To address the massive unemployment and economic paralysis of the Great Depression that they faced in 1933, both the US and German governments launched innovative and ambitious programs. While President Franklin Roosevelt's “New Deal” measures helped only marginally, the much more focused and comprehensive policies of the Third Reich (Hitler) proved remarkably effective.
By early 1933, industrial production in Germany and the US had fallen to about half of what it had been in 1929, which generated a very poor economy and a very high unemployment rate. Both Hitler and Roosevelte quickly launched strong new initiatives to address the dire economic crisis, above all the scourge of mass unemployment. And yet, if there are striking similarities between the efforts of the two governments, the results were very different.
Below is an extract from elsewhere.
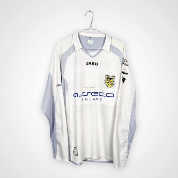 Wyjazdowy model Arki Gdynia z sezonu 2007/08, wyprodukowany przez Jako w rozmiarze M/L, pochodzi z okresu powrotu klubu do Ekstraklasy i walki o utrzymanie na najwyższym poziomie rozgrywkowym. Był to czas budowania zespołu zdolnego do rywalizacji z ligową czołówką, a w składzie pojawiali się zarówno doświadczeni zawodnicy, jak i gracze próbujący odbudować swoją pozycję.

<h3>Answer: On May 17, 1954, U.S. Supreme Court Justice Earl Warren produced the unanimous judgment in the landmark mannerly freedoms case Brown v. Board of Education of Topeka, Kansas. State-sanctioned segregation of public schools was a violation of the 14th amendment and was, therefore, unconstitutional.</h3>
Explanation:
<h3>Board of Education of Topeka, issue in which, on May 17, 1954, the U.S. Supreme Court supervised unanimously (9–0) that ethnical segregation in general academies desecrated the Fourteenth Modification to the Constitution, which restricts the states from banning equivalent security of the rules to any individual within their jurisdictions.</h3>
The North American colonies experienced a steady increase in population since the first settlement in Jamestown in 1607. By 1775, the colonies' population was around 2,500,000, and most of the colonists lived east of the Allegheny Mountains.